Background
Redbird Smith was born on July 19, 1850 near the current city of Fort Smith, Arkansas. His father was Pig Redbird Smith, whose surname "Smith" was given to him by European-Americans since his worked as a blacksmith.
Redbird Smith was born on July 19, 1850 near the current city of Fort Smith, Arkansas. His father was Pig Redbird Smith, whose surname "Smith" was given to him by European-Americans since his worked as a blacksmith.
He helped found the Nighthawk Keetoowah Society, who revitalized traditional spirituality among Cherokees from the mid-19th century to the early 20th century. Redbird Smith"s mother was Lizzie Hildebrand Smith. The late 19th century the Dawes Commission sought to break up collective tribal land holdings into individual allotments and open up the "surplus" tribal lands to settlement by non-natives.
Redbird Smith led a political resistance movement to the Dawes Allotment Acting and sought to return to traditional Cherokee religion and values.
In 1887 and 1889, Redbird Smith served as a tribal councilor from the Illinois District of the Cherokee Nation. Redbird Smith stated in the early 1900s:
Redbird Smith repatriated wampum belts belonging to his tribe.
In 1910 he was selected as chief of the Nighthawk Keetoowahs. Previously he had served as their chairman.
Also in 1910, Smith and fellow Nighthawks traveled to Mexico with an 1820 document supporting Cherokee lands claims but the Mexican government did not support their claims.

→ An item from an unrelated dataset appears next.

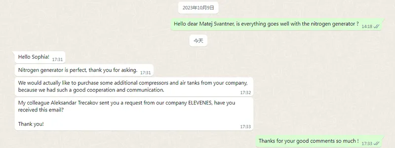 - Comentarios del cliente: «Este generador de nitrógeno se ha convertido en la clave de nuestro proceso de fabricación de precisión. Su excepcional estabilidad nos ha proporcionado un salto cualitativo tanto en la calidad del producto como en la optimización de costes».

In 1914, he petitioned President Woodrow Wilson to create a Keetoowah reservation but this was seen as a backward step in the United States federal government"s assimilation policy. In 1921, a hundred Cherokees from 35 families moved together to the southeastern corner of Cherokee County, Oklahoma, to create a traditional community — "the brainchild of Redbird Smith."
Redbird Smith married Lucy Fields Smith, born in Braggs, Indian Territory in 1852. She was the daughter Richard Fields and Eliza Brewer Fields.
Redbird Smith is the great-grandfather of former Principal Chief of the Cherokee Nation Chad Smith.
After falling ill for 48 hours, Redbird Smith died on November 8, 1918. He is buried in the Redbird Smith Cemetery in Sequoyah County, Oklahoma.
He served as chief of the Nighthawk Keetoowahs until his death and was succeeded by Levi Gritts. The Redbirth Smith ground is an active ceremonial ground in Redbird Smith, Oklahoma, Sequoyah county, near Vian, where Smith"s July 19th birthday is celebrated annually.